BROOKLYN — By now, a great many people have answered Alfred, Lord Tennyson’s question to his princess in his 1847 poem, when he wrote:
“Come down, O maid, from yonder mountain height:
What pleasure lives in height?”
Now, however, new residents of Brooklyn can add their voices to the pleasures of living in “height.”
In fact, what is happening right now, and has been under way for about three years, is the latest chapter in the long history of the building of this borough ... not the commerce, the parks or the industry, mostly gone now, but where people live.
For about 100 years, the process was evolutionary, following the logical development of Brooklyn from west to east, north to south, but always beginning at the waterfront. Some places became pockets of wealth, such as Brooklyn Heights, Clinton Hill and the streets near Washington Park.
Affluent living came to Fort Greene and then Park Slope, and soon it began to expand closer to Prospect Park. But the real boom began in the last century as the subways began to make southern Brooklyn part of a city, not a suburb.
Today’s process isn’t taking empty fields and creating houses, but areas with a lot of a certain urban emptiness are being redeveloped or converted in Downtown Brooklyn. By doing so, we are reaching for the skies.
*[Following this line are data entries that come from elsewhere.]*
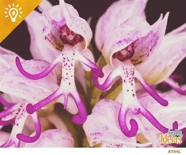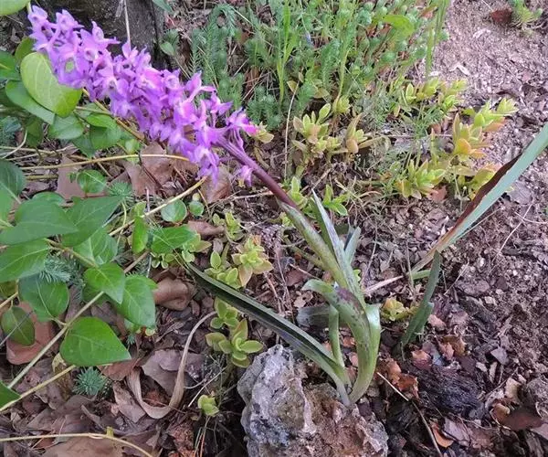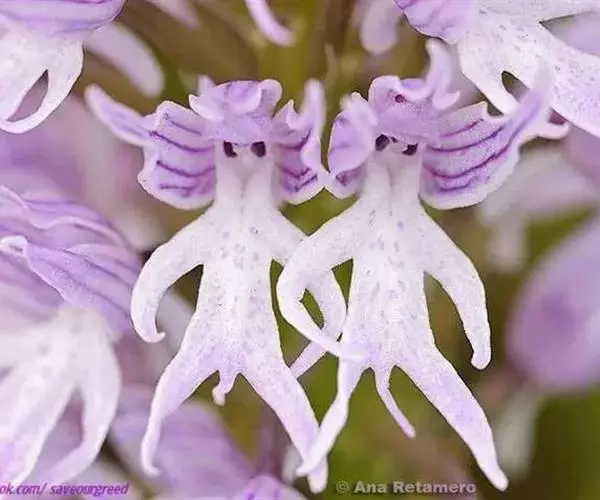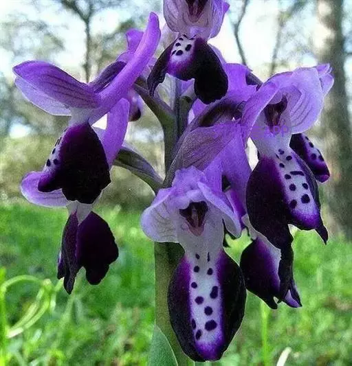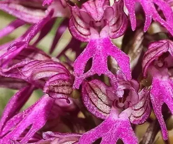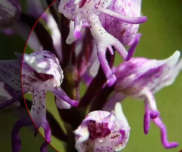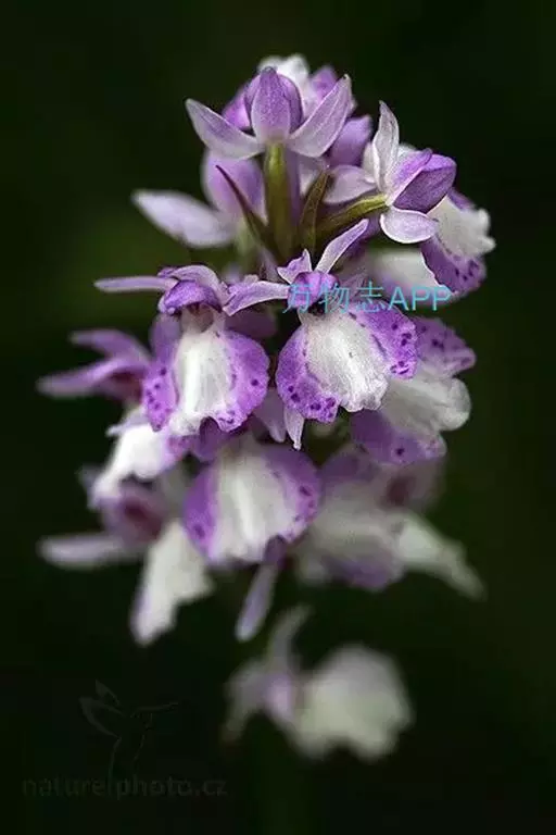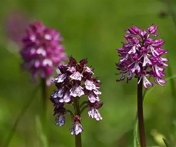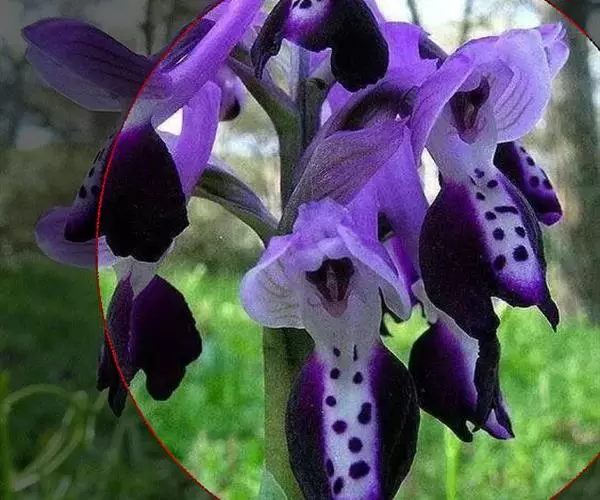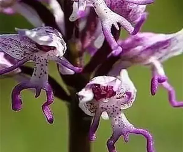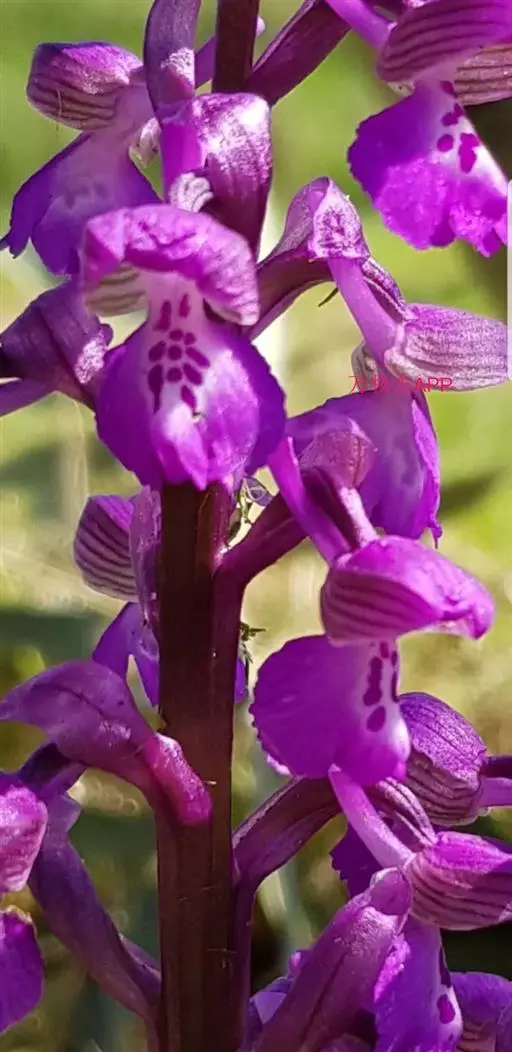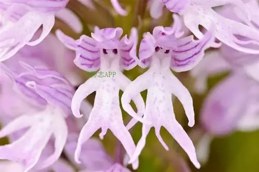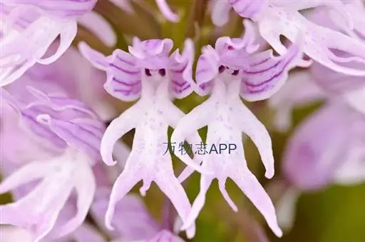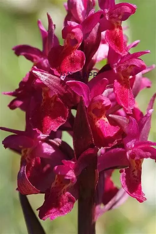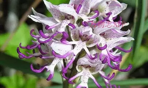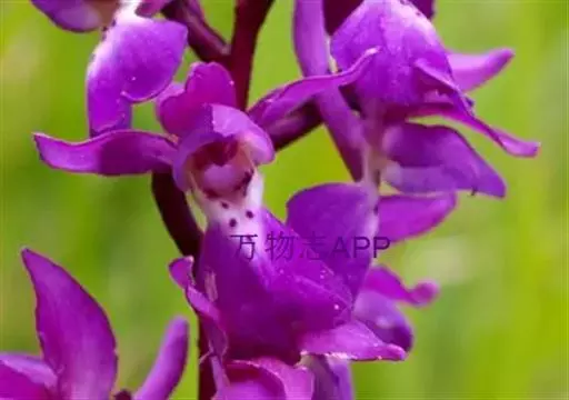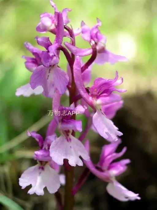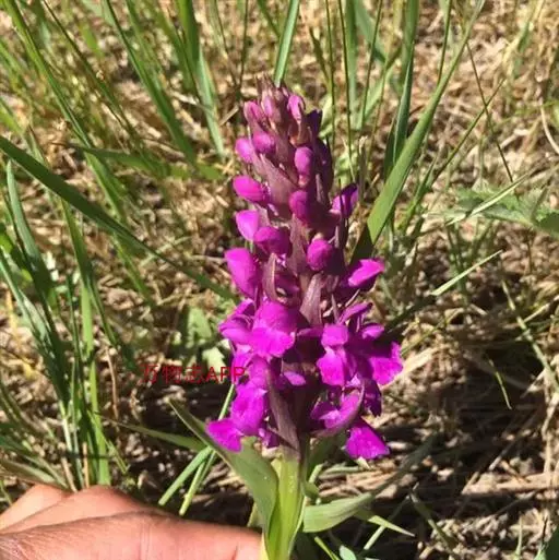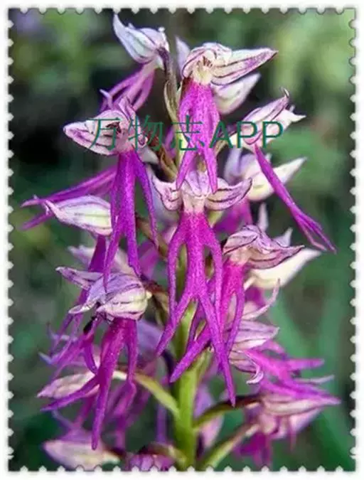 广布红门兰(学名:Orchis chusua D. Don):植株高5-45厘米。块茎长圆形或圆球形,肉质,不裂。茎直立,圆柱状。叶片长圆状披针形、披针形或线状披针形至线形,上面无紫色斑点。花序具1-20余朵花,多偏向一侧;花紫红色或粉红色;花瓣直立,斜狭卵形、宽卵形或狭卵状长圆形,长5-7毫米,宽3-4毫米,先端钝,边缘无睫毛,前侧近基部边缘稍臌出或明显臌出,具3脉;唇瓣向前伸展,较萼片长和宽多,边缘无睫毛,3裂。花期6-8月。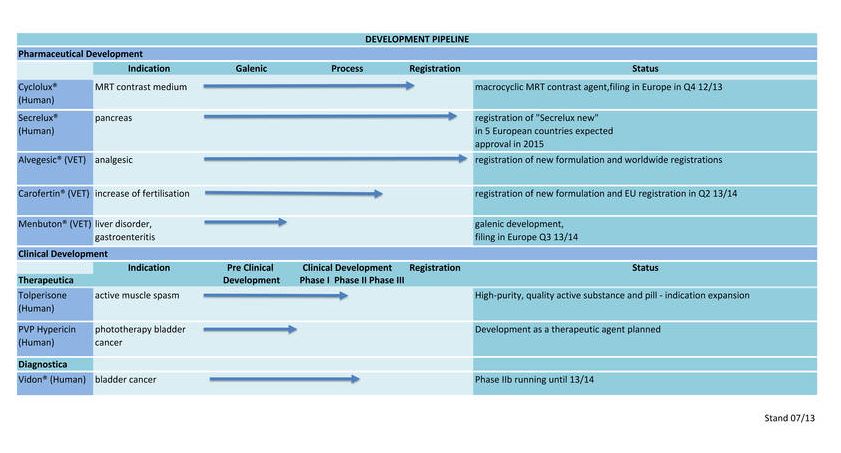 Spannung verspricht die Partnersuche bei einem innovativen Blasenkrebskontrastmittel, das derzeit in einer Phase IIb Studie an Patienten getestet wird. Gespräche dazu sind bereits im Laufen, um die kapitalintensive Phase III gemeinsam anzugehen. Zuletzt wurde durch die Begebung einer Anleihe mit einem Volumen von zehn Millionen € der finanzielle Spielraum ausgebaut. Dadurch sind zwar die liquiden Mittel in den ersten Neun Monaten auf 5,75 Millionen € kräftig angestiegen. Die erste Kuponzahlung im August 2013 in Höhe von stolzen 7,75 Prozent dürften sich im Gesamtjahresergebnis allerdings in einem deutlich gesunkenen Finanzergebnis bemerkbar machen.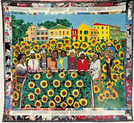 L’œuvre représente huit femmes noires historiques majeures réunies autour d’un quilt, dans un champ de tournesols, à Arles (ville du sud de la France célèbre pour avoir inspiré Vincent van Gogh). Les femmes cousent ensemble, puissantes et solidaires. À l’arrière-plan, Van Gogh lui-même observe la scène, tenant un vase de fleurs, comme un témoin ou un spectateur. Il est ici une figure secondaire, presque timide. Ringgold renverse la dynamique : ce n’est plus le peintre blanc européen qui capte l’image du monde, mais des femmes noires qui créent leur propre scène d’histoire.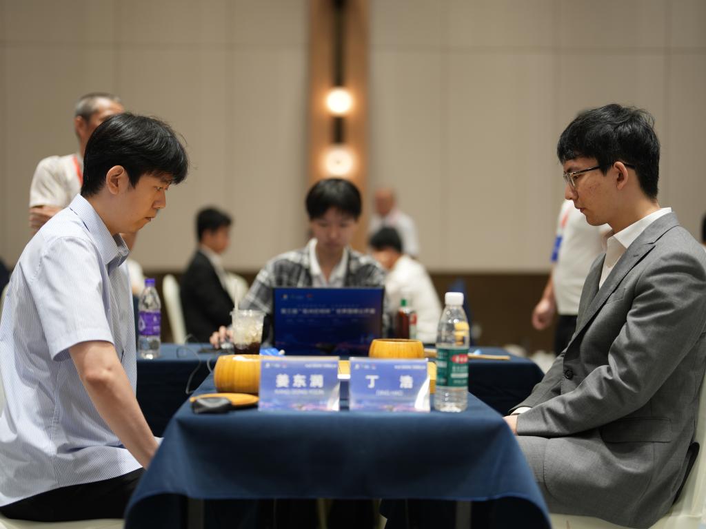 更大的逆轉(zhuǎn)則出現(xiàn)在丁浩與韓國隊姜東潤之間,丁浩官子階段弈出問題手,令對手勝率一度接近100%。但在全場其余各盤均已戰(zhàn)罷時,丁浩仍在頑強堅持。時間壓力之下,姜東潤錯判局面,導(dǎo)致雙方重回均勢,此后他又錯過制造“四劫循環(huán)”的良機,雙方鏖戰(zhàn)至361手,丁浩宣告勝利。

This is a whole new thing for Brooklyn, even though we have built tall apartment buildings before. The three tall structures of the Cadman Plaza co-op apartments, built in the 1970s, come to mind.
But we have not done this at this pace and with this seriousness before. In part, it reflects the mayor’s prediction that this city will have one million more residents by 2030. Another factor is the buzz that Brooklyn has been generating for some time now, or, as Halstead Property put it in a recent report, “Brooklyn has now become the first-choice destination for many homebuyers.”
For the first time, Brooklyn is offering lots of views, most of which are simply stunning.
In fact, if you add up the heights of the known development projects, excluding all of Atlantic Yards, we are building the equivalent, with 22 projects, of a 474-story building. Take that, Freedom Tower!
And this staggering number of new residential floors does not include 14 other projects still in the planning stage, nor what may be built as part of Brooklyn Bridge Park. Nor, of course, does it include all the sky-reachers in Greenpoint and Williamsburg. This is strictly Downtown stuff.
In truth, it is probable that at least half as many new stories could be added to that total by the 14 other projects, three of which are expected to be sizeable.
The Albee Center development could turn out to be the tallest building in Brooklyn. But that honor could also go to the new residential units being planned by the Clarett Group at Lawrence Street. On a rather small footprint, Clarett plans to create 400 units of housing.
And details are still missing about the City Tech addition at Jay and Tillary streets, which will rise on the site of the Klitgord Auditorium. Six hundred units of housing are planned there as well as 300,000 square feet for academic-office use.
Well, it’s possible one guesses that Tennyson’s maid may have come down from the mountaintop, but the poet could not imagine how many others are reaching new heights.